Sports teams of Davidson College, North Carolina, U.S.

The Davidson Wildcats are the NCAA Division I intercollegiate athletics teams representing Davidson College of Davidson, North Carolina, United States. A member of the Atlantic 10 Conference (A-10), Davidson College sponsors teams in ten men's and nine women's NCAA sanctioned sports.

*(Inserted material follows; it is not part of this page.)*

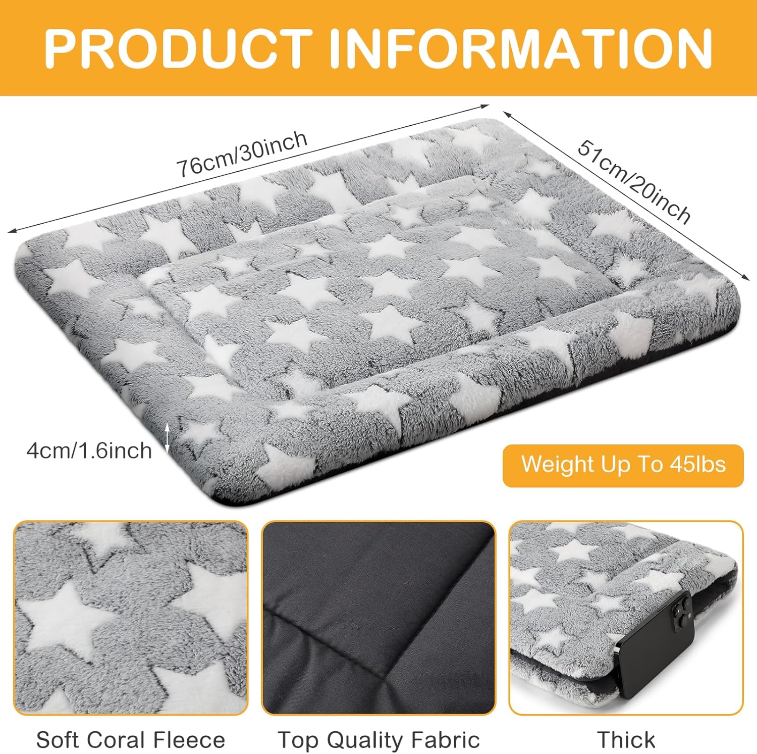 • Stylish Design: the dog crate mat is made of quality coral velvet and linen cotton materials, with nice craftsmanship; This stylish dog bed mattress features a traditional rectangle open mat design that provides pets plenty of room to sleep; Comfortable surface can match up with the furniture easily and has good breathability; The cute star surface can play a decorative role, making the dog crate more beautiful and lovely

The Wildcats previously competed in the Southern Conference, and the wrestling team retains associate membership in that league since the sport is not sponsored by the A-10. The football team is a member of the Pioneer Football League, a Football Championship Subdivision (FCS) conference of schools that do not offer athletic scholarships for football.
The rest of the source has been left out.